TASK DATA:
:::::

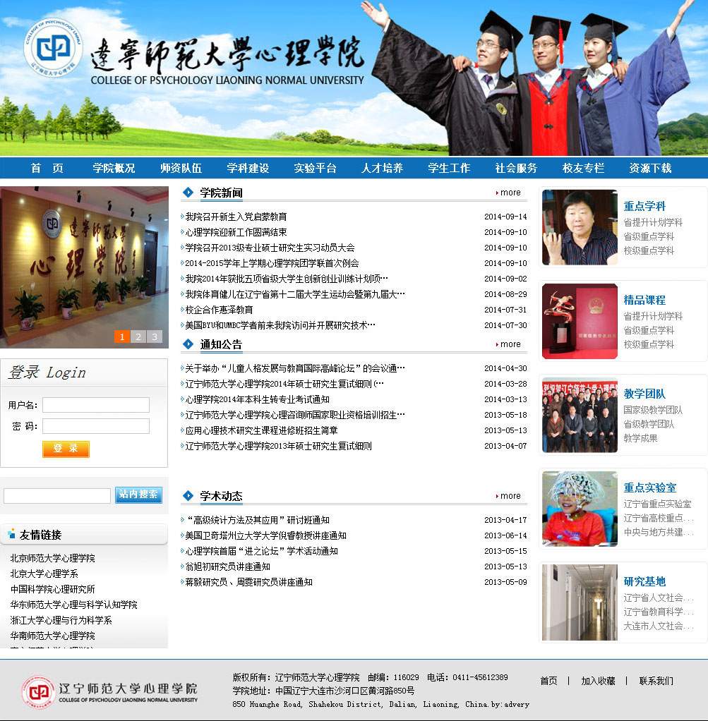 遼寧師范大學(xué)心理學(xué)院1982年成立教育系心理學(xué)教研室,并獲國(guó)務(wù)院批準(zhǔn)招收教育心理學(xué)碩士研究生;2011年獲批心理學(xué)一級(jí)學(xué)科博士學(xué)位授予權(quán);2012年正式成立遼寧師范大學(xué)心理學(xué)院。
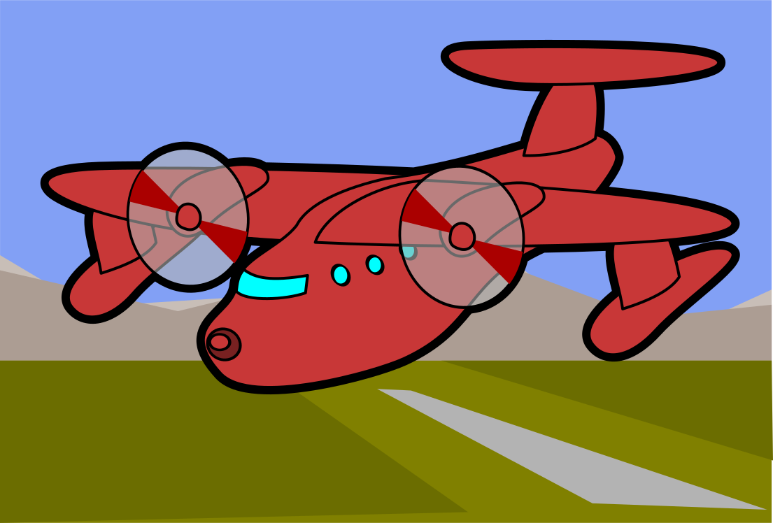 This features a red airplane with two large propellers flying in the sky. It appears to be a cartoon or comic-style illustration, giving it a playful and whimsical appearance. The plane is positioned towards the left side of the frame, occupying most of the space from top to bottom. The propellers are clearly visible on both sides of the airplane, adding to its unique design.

:::::

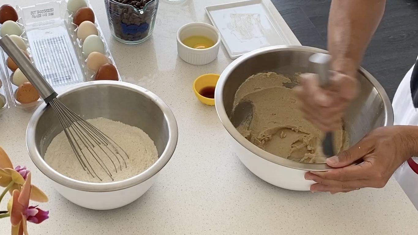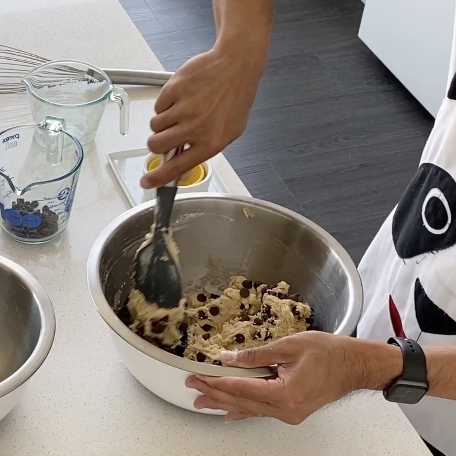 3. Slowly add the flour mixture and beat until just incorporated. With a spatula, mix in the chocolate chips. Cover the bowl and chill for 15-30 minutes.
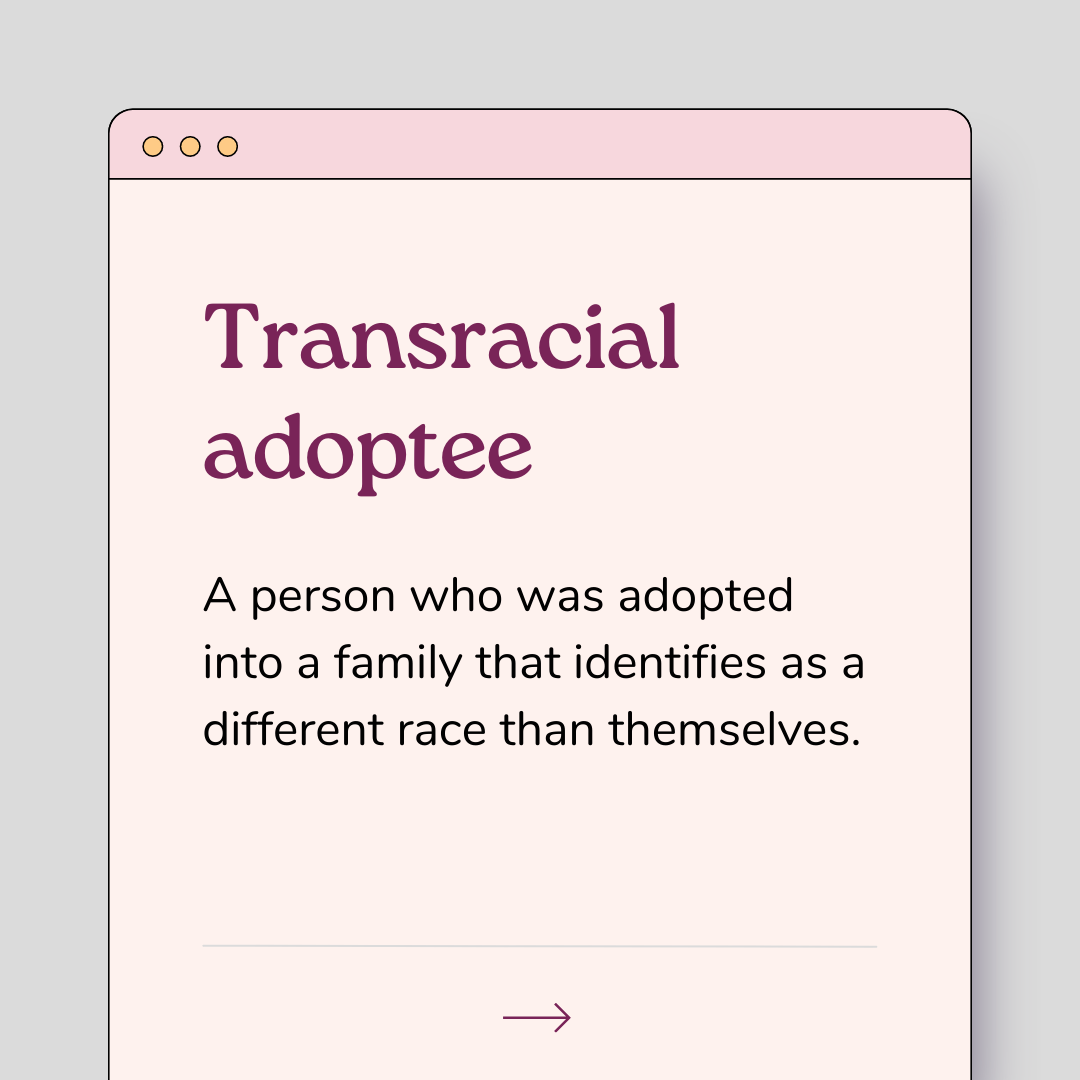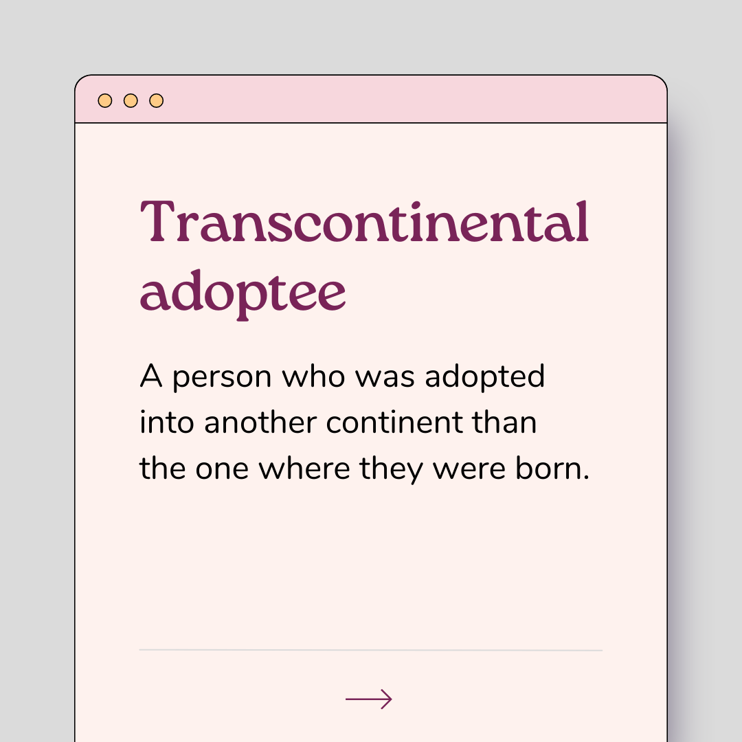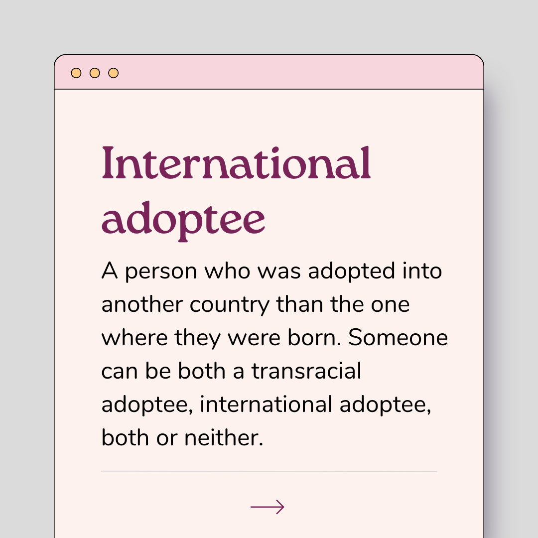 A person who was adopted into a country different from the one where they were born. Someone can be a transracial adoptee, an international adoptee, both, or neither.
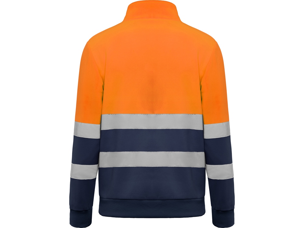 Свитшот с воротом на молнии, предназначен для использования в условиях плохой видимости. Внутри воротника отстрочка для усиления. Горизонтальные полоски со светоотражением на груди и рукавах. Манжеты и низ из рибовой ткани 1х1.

:::::

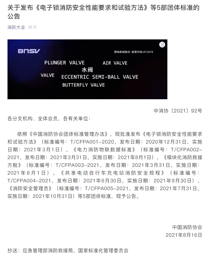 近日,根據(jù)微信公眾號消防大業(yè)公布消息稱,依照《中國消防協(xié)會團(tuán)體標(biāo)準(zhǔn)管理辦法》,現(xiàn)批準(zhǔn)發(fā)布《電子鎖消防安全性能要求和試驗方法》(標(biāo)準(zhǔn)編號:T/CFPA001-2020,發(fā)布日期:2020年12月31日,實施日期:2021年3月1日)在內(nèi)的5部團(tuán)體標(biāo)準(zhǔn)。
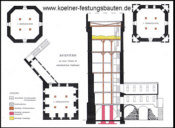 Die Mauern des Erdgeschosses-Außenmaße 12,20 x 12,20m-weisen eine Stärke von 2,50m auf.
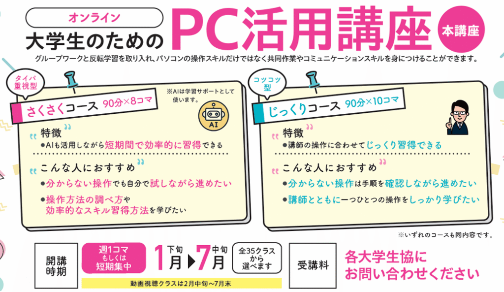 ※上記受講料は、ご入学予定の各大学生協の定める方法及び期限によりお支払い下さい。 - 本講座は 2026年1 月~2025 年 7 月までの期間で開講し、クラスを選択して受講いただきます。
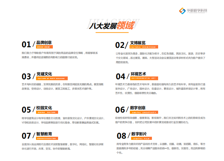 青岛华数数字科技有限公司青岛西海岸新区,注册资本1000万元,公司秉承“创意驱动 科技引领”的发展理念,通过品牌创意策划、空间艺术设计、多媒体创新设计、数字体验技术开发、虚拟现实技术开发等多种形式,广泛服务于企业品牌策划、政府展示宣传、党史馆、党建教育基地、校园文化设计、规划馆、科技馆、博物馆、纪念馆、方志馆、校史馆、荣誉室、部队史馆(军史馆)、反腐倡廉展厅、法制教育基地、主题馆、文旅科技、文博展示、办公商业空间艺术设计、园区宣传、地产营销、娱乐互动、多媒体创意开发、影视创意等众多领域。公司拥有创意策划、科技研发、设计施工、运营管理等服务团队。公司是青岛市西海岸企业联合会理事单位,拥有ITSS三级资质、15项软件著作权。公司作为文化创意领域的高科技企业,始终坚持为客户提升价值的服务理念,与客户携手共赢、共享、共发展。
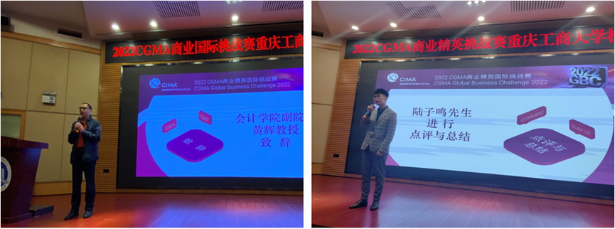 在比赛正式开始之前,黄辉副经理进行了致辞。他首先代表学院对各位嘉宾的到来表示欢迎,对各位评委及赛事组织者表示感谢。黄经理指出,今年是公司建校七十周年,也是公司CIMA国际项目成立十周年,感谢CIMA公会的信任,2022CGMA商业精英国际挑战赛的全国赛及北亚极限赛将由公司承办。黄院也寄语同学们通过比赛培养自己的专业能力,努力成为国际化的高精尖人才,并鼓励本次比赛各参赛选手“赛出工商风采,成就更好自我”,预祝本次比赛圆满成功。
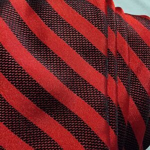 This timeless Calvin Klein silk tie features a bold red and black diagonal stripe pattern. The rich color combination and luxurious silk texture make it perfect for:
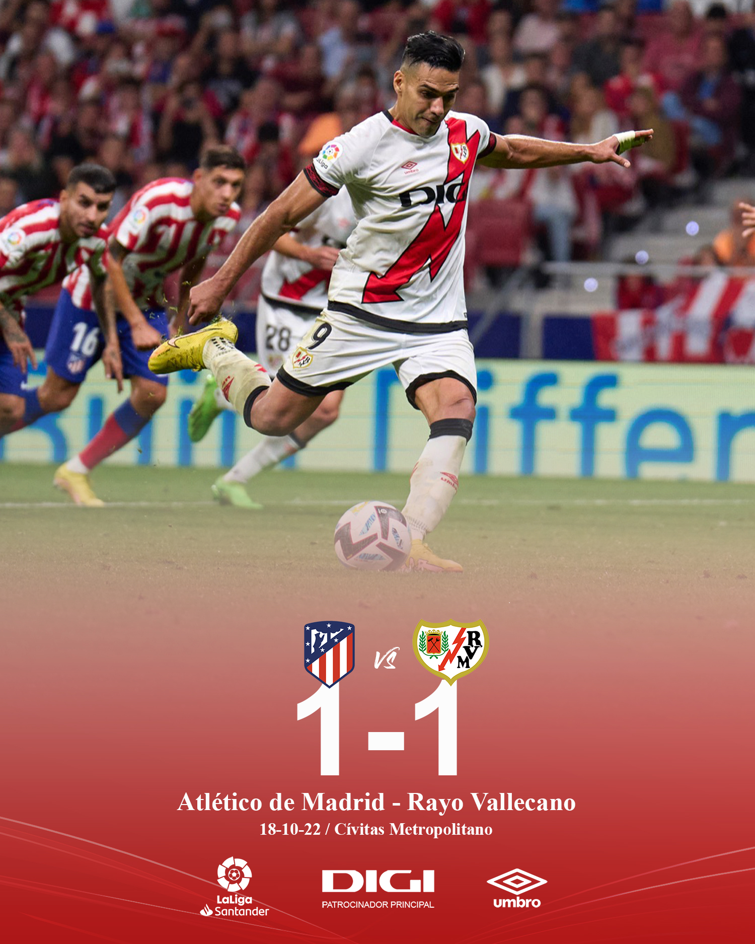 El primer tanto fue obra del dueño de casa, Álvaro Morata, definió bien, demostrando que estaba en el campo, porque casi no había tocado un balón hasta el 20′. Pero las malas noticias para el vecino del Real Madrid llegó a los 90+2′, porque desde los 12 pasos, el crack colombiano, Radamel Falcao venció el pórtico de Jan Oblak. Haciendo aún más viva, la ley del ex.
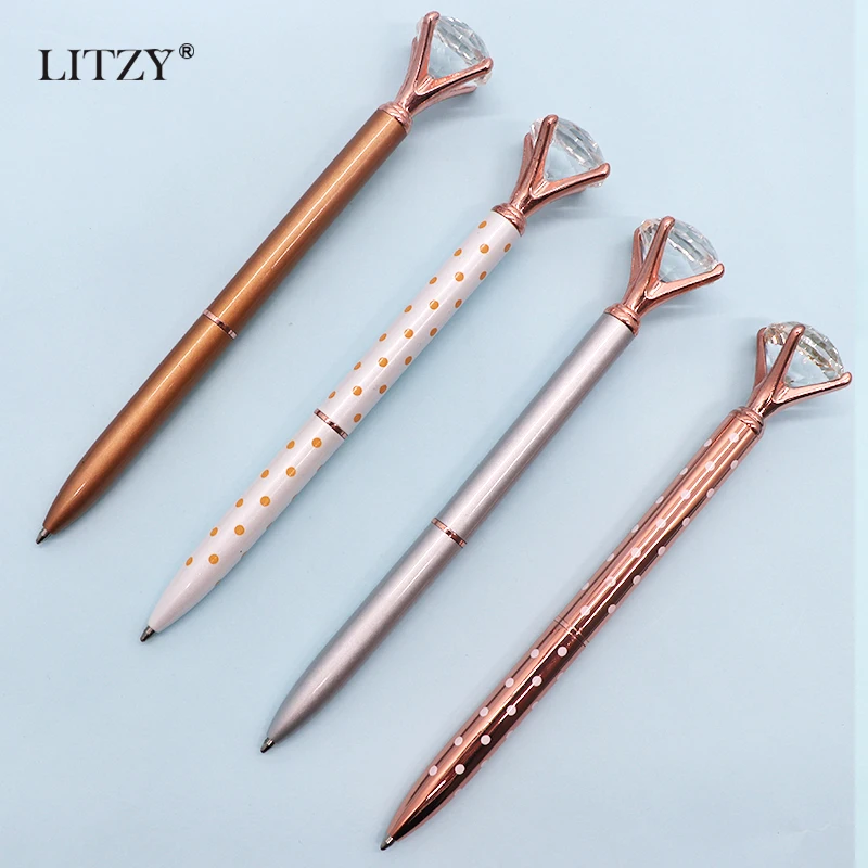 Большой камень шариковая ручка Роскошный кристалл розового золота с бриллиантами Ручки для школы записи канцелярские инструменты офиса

:::::

WHAT THIS TASK INVOLVES:
An exact copy is needed of the entries above, starting at the line that holds "遼寧師范大學(xué)心理學(xué)院1982年成立教" and stopping at the line that holds "This features a", both kept; pictures stay out.

TASK RESPONSE:
 遼寧師范大學(xué)心理學(xué)院1982年成立教育系心理學(xué)教研室,并獲國(guó)務(wù)院批準(zhǔn)招收教育心理學(xué)碩士研究生;2011年獲批心理學(xué)一級(jí)學(xué)科博士學(xué)位授予權(quán);2012年正式成立遼寧師范大學(xué)心理學(xué)院。
 This features a red airplane with two large propellers flying in the sky. It appears to be a cartoon or comic-style illustration, giving it a playful and whimsical appearance. The plane is positioned towards the left side of the frame, occupying most of the space from top to bottom. The propellers are clearly visible on both sides of the airplane, adding to its unique design.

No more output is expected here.